In years two and three, three Nebraska public school districts (Lincoln, Papillion-La Vista and Gretna) and the Council Bluffs, Iowa, district, have agreed to allow the researchers to monitor their classroom environments and to provide student achievement data.

Wang said the final year will include figuring out what the group learned. As part of a community engagement plan, Nebraska-based architecture and engineering firm DLR Group will take the results and consider how it can implement those findings in future school building and renovation projects. DLR Group is known locally for having designed Pinnacle Bank Arena in downtown Lincoln and nationally as one of the nation's top school-design firms.

Bovaird is most experienced in creating school-based behavioral interventions for reading and counselling programs. He said he's excited about this project because of the opportunity it presents for unique outcomes and applications.

"I'm an analyst.

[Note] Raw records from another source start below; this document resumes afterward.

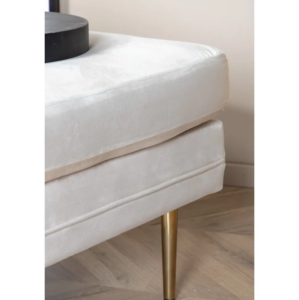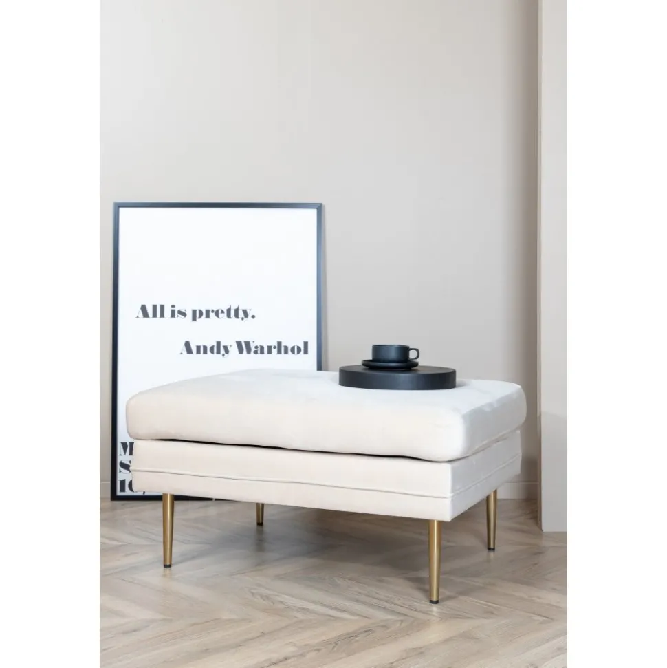 Sittpuff av trä och metall, klädd med polyestertyg.
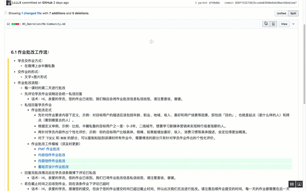 - 细致的版本跟踪:每一次创作者提交的修改,我们都可以知道它改了哪些地方,而且可以通过 Git 快速的回退到历史某一个版本,这些都是传统的文档工具无法比拟的。
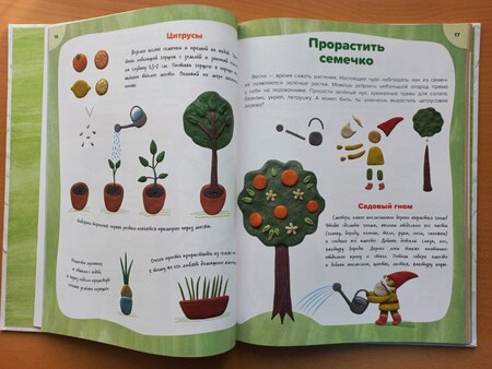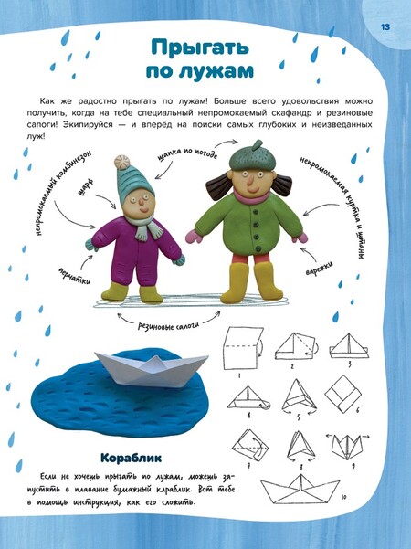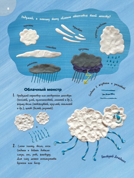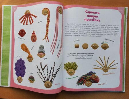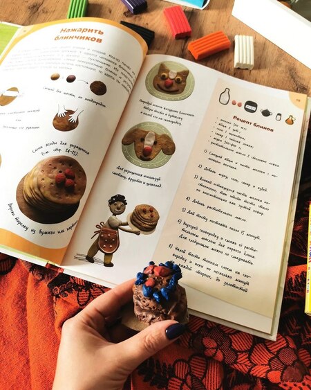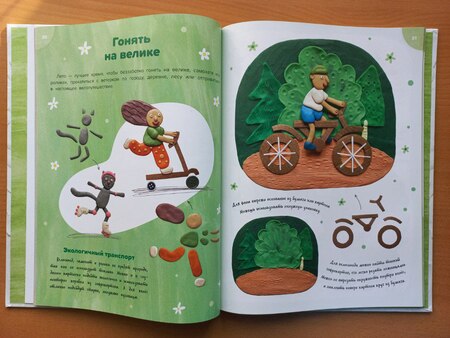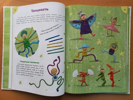 Книга разделена на главы, по 1 главе на каждый разворот. На каждом развороте своя тема для лепки. Изображены как отдельные персонажи с пошаговыми инструкциями, как их слепить, так и сюжетные композиции.
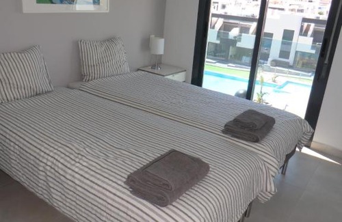 Casas Holiday - Los Altos provides a solarium and air-conditioned accommodations in Torrevieja, 1.6 miles from Cala Ferris Beach. There's a private entrance at the vacation home for the convenience of those who stay. There's a year-round outdoor pool and guests can make use of free Wifi, free private parking, and an electric vehicle charging station. The vacation home provides guests with a terrace, pool views, a seating area, satellite flat-screen TV, a fully equipped kitchen with a dishwasher and an oven, and a private bathroom with shower and a hair dryer. A microwave, a toaster, and fridge are also provided, as well as a coffee machine and a kettle. At the vacation home, all units are fitted with bed linen and towels. Guests at Casas Holiday - Los Altos will be able to enjoy activities in and around Torrevieja, like fishing. Kids pool is also available at the accommodation, while guests can also relax in the garden. Las Colinas Golf Course is 4.9 miles from Casas Holiday - Los Altos, while Villamartin Plaza is 2.9 miles from the property. Region de Murcia International Airport is 31 miles away, and the property offers a paid airport shuttle service.

I haven't worked with these types of engineering-related measurements or manipulations, per se," Bovaird said. "But when I heard that the Durham School faculty were interested in this project, it was just putting two and two together and figuring that this might be a logical fit with my experience."

Wang said she believes the results of this project will make a big difference in schools.

"We expect this to be a really high-impact project. In an era when the hot topics in engineering are typically related to nanotechnology or biomedical engineering, we're thrilled that the EPA is actually funding work on the indoor environments that we're staying in every day and how that impacts our children," Wang said.